Mr. Docken noted that while shareholders have gotten next to nothing, Deloitte received $3.9-million in fees and paid its lawyers $8-million. All that is left in the Bre-X estate is $79,000, according to court filings. A lawyer representing the trustee was not available for comment.

It is an inconclusive end to a scandal that shook the Canadian mining industry and left roughly 40,000 Bre-X shareholders wondering what happened when samples of Bre-X's supposedly rich gold find revealed a far smaller deposit. An investigation by the RCMP went nowhere and no one was ever charged with fraud. The only Bre-X executive to face any quasi-criminal action was chief geologist John Felderhof, who was acquitted of charges of insider trading and misleading shareholders in 2007.

Little also came of a move by the trustee to freeze the assets of Mr.
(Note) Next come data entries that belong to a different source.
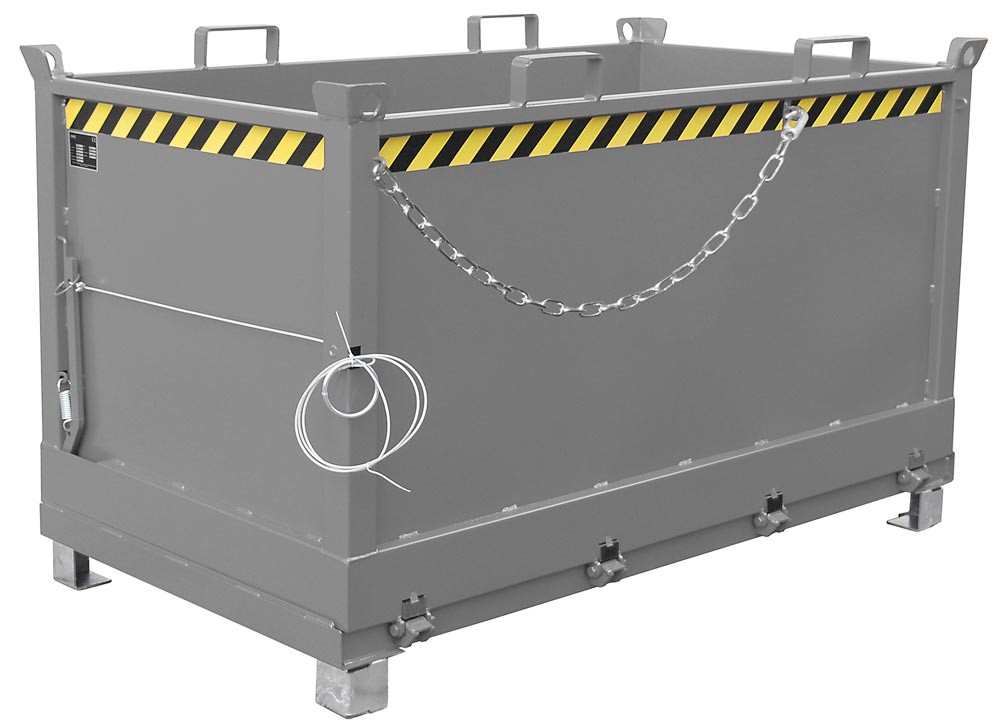 ∙ Entriegelung der Bodenklappe per Seilzug vom Stapler aus ∙ Bodenklappe schließt beim Aufsetzen selbsttätig, 90° Öffnungsbereich ∙ Sicherung für Bodenklappe gegen Abrutschen und ungewünschtes Öffnen ∙ Aufnahme für Gabelstapler und Kran sowie mit Gabelhubwagen transportierbar ∙ Robuste Stahlblechkonstruktion: Wandstärke 3 mm, Bodenklappenstärke 4 mm ∙ Einfahrbügel an der Oberseite des Behälters, Einfahrtaschen an der Unterseite · Unterfahrhöhe 100 mm
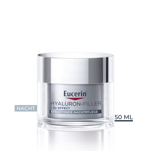 Eucerin Hyaluron-Filler +3x Effect Straffende Nachtpflege wirkt dem Alterungsprozess entgegen. Sie füllt tiefere Falten, strafft die Haut sichtbar und regeneriert die Haut über Nacht. Eucerins einzigartige Mischung aus hoch- und niedermolekularem Hyaluronsäure bietet einen gezielten Ansatz, um selbst tiefe Falten sichtbar aufzupolstern. Die hochmolekulare Hyaluronsäure verbessert die Feuchtigkeit und glättet die obersten Hautschichten, während die niedermolekulare Hyaluronsäure, die 40-mal kleiner ist (1), tiefer in die epidermalen Hautschichten eindringt, in denen tiefere Falten entstehen.
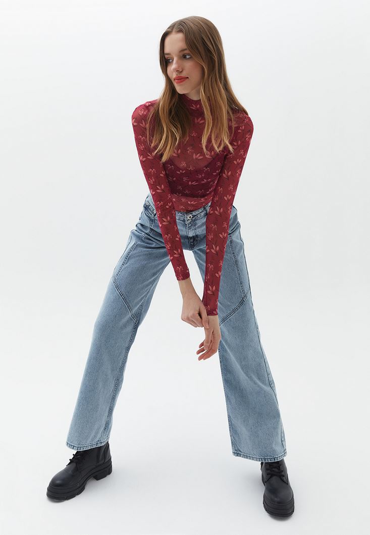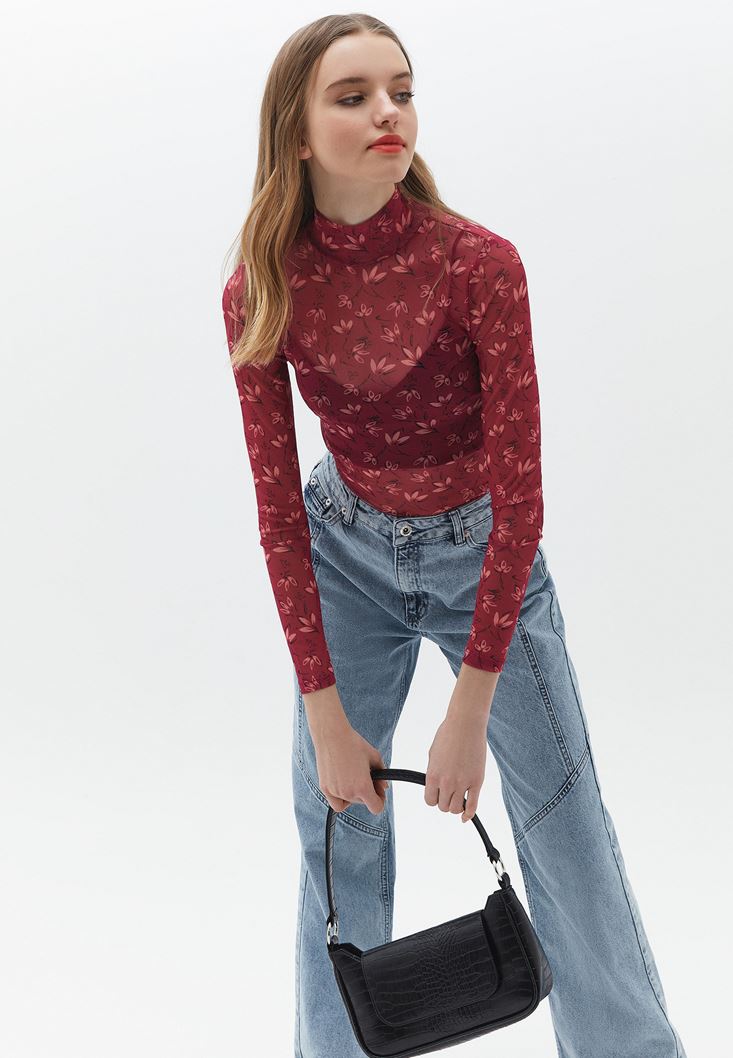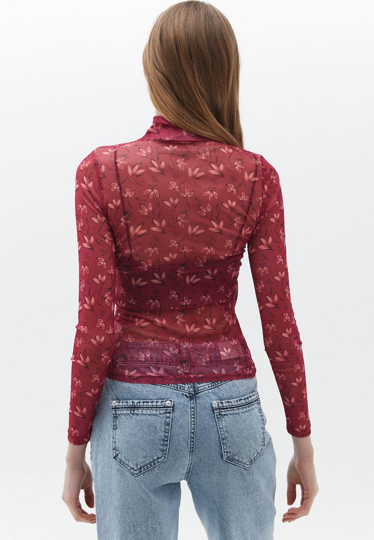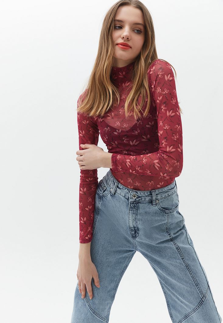 Özel transparan doku, floral desenli, yüksek yaka, bedeni saran esnek kalıp, uzun kollu, standart boy.

Felderhof, his ex-wife Ingrid and former Bre-X chief executive officer David Walsh, who died in 1998.

The Felderhofs had moved to Cayman Islands by the time of Bre-X's collapse and had pocketed $75-million selling company shares between 1994 and 1996, court filings show. But nearly all of that money has vanished. Mr. Felderhof, 72, now lives in a sparse home in the Philippines, where he spends much of his time gardening, and court filings show he has just $250,000 to his name.

Ms. Felderhof, who still lives in Cayman Islands, "does not have substantial cash on hand," the trustee indicated in a court document.

Mr. Walsh and his wife, Jeanette, moved to the Bahamas, where Ms. Walsh still has a home. Court filings show that while the couple earned $19-million on their Bre-X holdings, Mr. Walsh's estate is essentially bankrupt and faces a $30-million charge from the Canada Revenue Agency. No other assets have been found, the trustee said.

Based on the scant funds available to recover and with little money left to pursue any claims, "the trustee has reluctantly reached the conclusion that it is appropriate to discontinue the [lawsuit] and other related litigation including [the asset freeze]," the trustee said in a court filing.